Work task:
Under this line are the records; repeat exactly the lines starting at the one containing "为深入学习贯彻党的二十大精神" and ending at the one containing "毛呢外套女2025秋冬款 复古翻领夹克棒球服 宽松百搭设计感小众美式", omitting pictures.

Material provided:
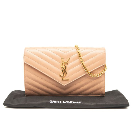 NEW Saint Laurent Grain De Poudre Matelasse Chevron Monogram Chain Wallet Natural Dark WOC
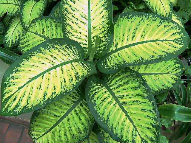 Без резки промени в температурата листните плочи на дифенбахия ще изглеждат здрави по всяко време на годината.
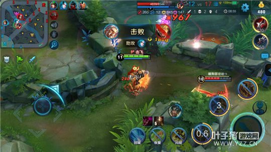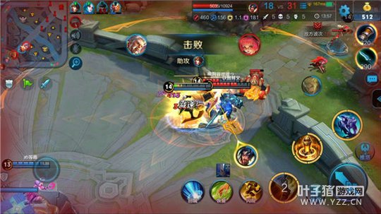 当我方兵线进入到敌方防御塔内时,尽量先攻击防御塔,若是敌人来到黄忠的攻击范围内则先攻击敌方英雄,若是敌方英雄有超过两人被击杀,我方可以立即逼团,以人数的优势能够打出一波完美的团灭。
---
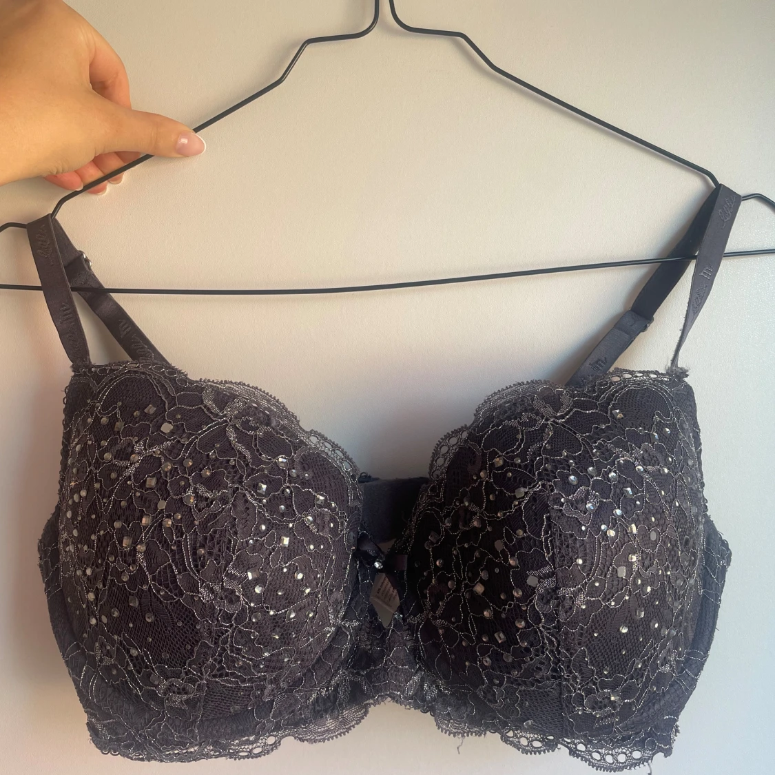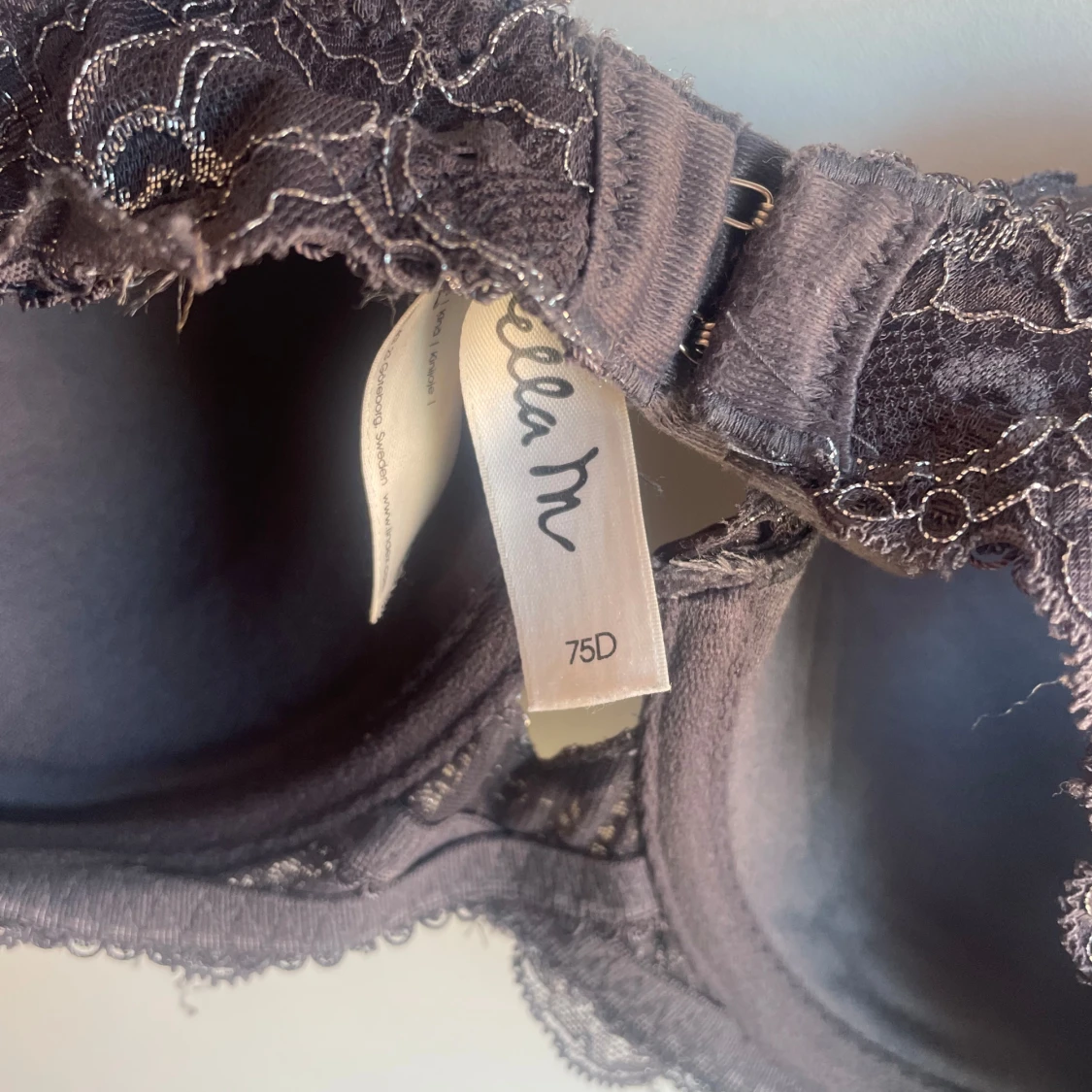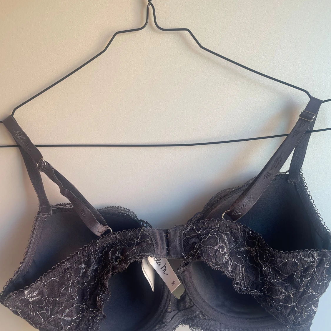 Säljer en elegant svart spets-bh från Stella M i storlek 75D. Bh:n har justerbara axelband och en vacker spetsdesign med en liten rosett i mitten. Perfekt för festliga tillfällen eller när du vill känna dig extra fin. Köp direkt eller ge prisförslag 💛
...
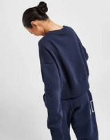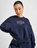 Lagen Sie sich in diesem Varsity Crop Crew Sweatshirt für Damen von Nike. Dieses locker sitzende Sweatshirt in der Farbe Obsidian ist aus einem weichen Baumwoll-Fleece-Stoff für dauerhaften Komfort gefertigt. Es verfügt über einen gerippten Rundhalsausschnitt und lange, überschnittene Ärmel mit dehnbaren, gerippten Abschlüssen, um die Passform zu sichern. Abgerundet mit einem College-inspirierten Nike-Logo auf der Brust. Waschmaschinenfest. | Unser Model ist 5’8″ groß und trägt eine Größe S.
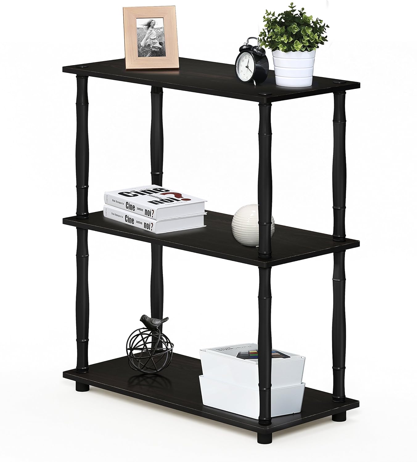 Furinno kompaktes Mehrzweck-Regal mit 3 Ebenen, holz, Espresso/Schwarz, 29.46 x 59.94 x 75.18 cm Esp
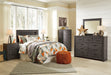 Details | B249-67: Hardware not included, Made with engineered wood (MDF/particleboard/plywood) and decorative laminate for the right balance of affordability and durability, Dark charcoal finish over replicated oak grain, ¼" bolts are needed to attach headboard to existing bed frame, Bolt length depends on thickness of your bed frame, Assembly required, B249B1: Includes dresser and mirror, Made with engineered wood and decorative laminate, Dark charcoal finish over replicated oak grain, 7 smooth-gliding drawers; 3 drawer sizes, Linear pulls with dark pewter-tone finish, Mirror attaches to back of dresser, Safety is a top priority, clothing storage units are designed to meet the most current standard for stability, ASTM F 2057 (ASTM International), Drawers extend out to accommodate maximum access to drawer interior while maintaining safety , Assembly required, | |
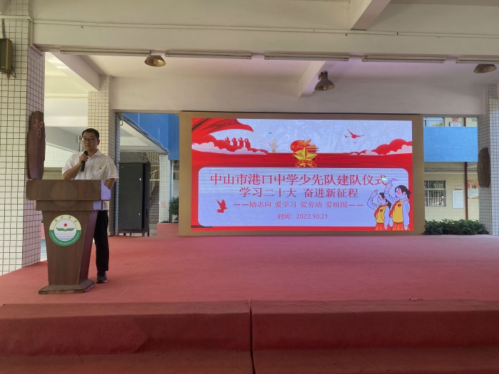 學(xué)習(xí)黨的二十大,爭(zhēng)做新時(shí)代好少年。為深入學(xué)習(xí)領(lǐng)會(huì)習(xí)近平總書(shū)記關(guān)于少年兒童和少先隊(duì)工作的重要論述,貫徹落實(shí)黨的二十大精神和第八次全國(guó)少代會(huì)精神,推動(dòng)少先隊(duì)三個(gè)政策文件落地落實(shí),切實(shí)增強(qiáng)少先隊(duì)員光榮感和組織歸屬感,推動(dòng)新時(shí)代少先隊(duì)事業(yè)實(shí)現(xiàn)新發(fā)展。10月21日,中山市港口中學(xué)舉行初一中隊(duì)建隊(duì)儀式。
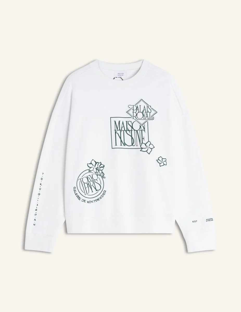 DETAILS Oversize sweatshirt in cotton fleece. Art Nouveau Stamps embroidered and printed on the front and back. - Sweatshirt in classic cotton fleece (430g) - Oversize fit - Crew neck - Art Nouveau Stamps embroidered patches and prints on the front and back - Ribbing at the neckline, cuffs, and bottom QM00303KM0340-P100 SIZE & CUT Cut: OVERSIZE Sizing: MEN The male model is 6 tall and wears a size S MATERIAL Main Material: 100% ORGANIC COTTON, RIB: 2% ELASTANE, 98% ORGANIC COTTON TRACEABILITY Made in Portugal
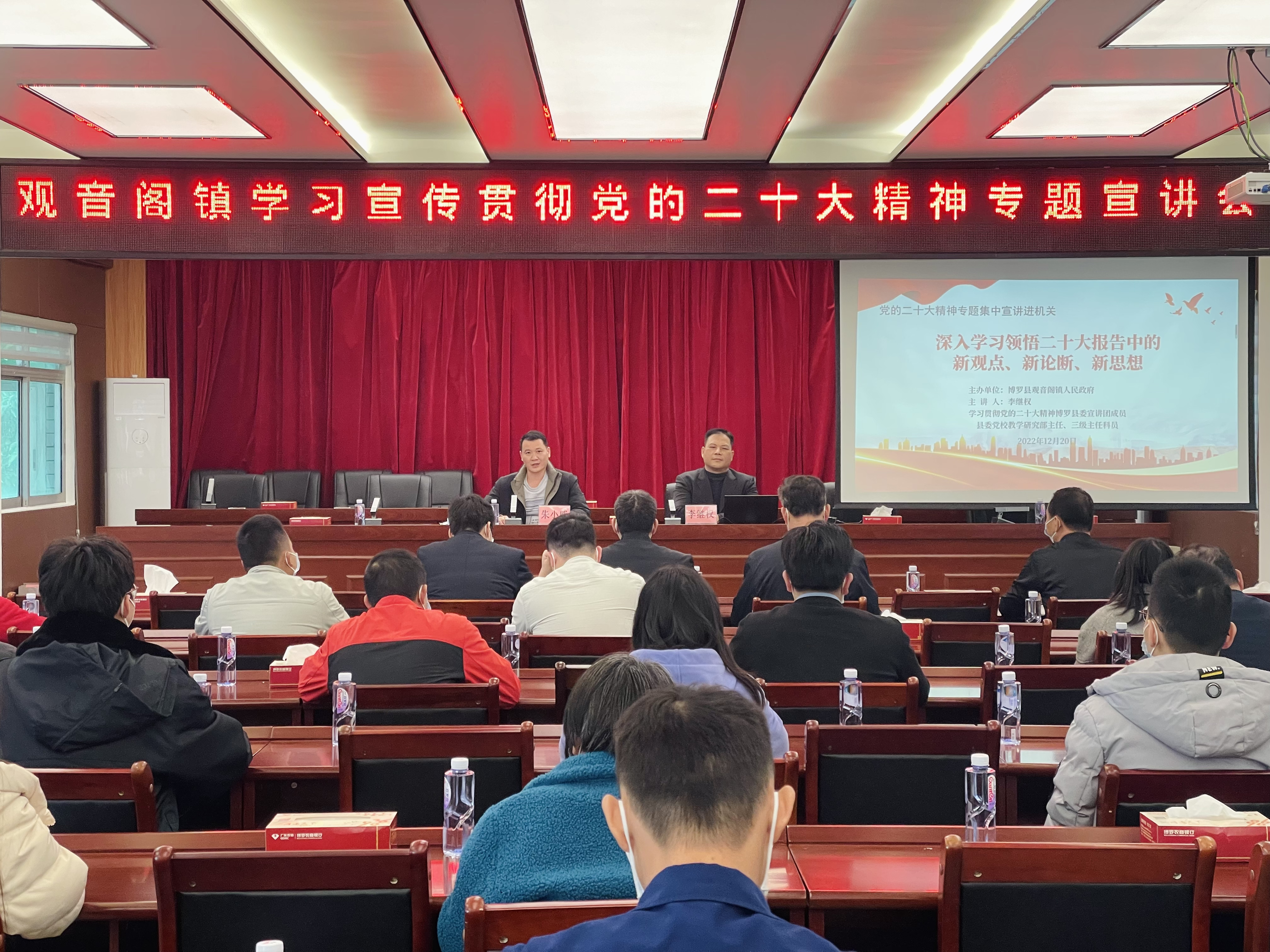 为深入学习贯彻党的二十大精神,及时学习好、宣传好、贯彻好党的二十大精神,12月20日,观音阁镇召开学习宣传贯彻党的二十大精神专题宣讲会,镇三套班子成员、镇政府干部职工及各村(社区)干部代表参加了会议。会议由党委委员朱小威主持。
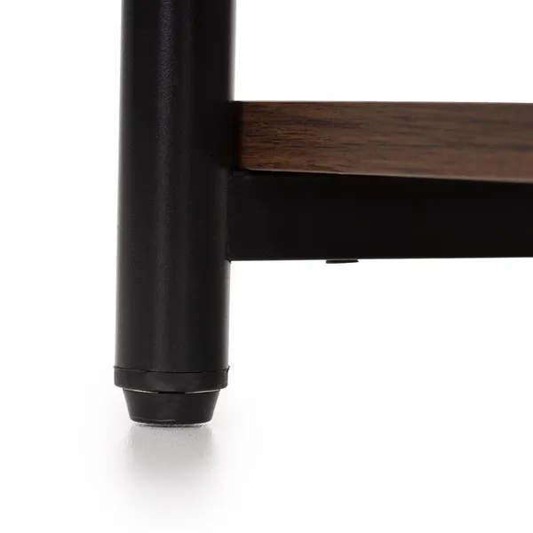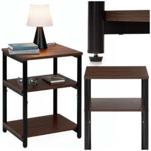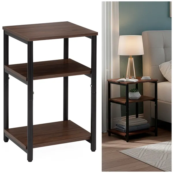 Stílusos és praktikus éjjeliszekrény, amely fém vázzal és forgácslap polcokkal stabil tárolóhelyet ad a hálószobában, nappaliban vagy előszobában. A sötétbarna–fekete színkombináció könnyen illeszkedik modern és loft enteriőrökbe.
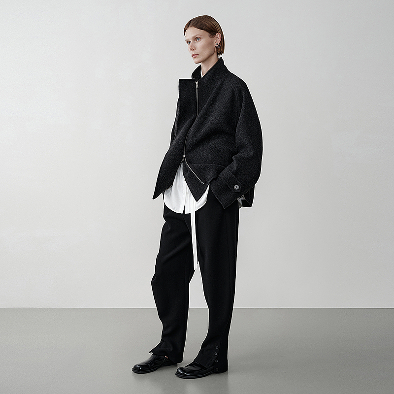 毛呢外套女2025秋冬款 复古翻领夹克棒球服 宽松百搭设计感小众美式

Response to this exercise:
 为深入学习贯彻党的二十大精神,及时学习好、宣传好、贯彻好党的二十大精神,12月20日,观音阁镇召开学习宣传贯彻党的二十大精神专题宣讲会,镇三套班子成员、镇政府干部职工及各村(社区)干部代表参加了会议。会议由党委委员朱小威主持。
 Stílusos és praktikus éjjeliszekrény, amely fém vázzal és forgácslap polcokkal stabil tárolóhelyet ad a hálószobában, nappaliban vagy előszobában. A sötétbarna–fekete színkombináció könnyen illeszkedik modern és loft enteriőrökbe.
 毛呢外套女2025秋冬款 复古翻领夹克棒球服 宽松百搭设计感小众美式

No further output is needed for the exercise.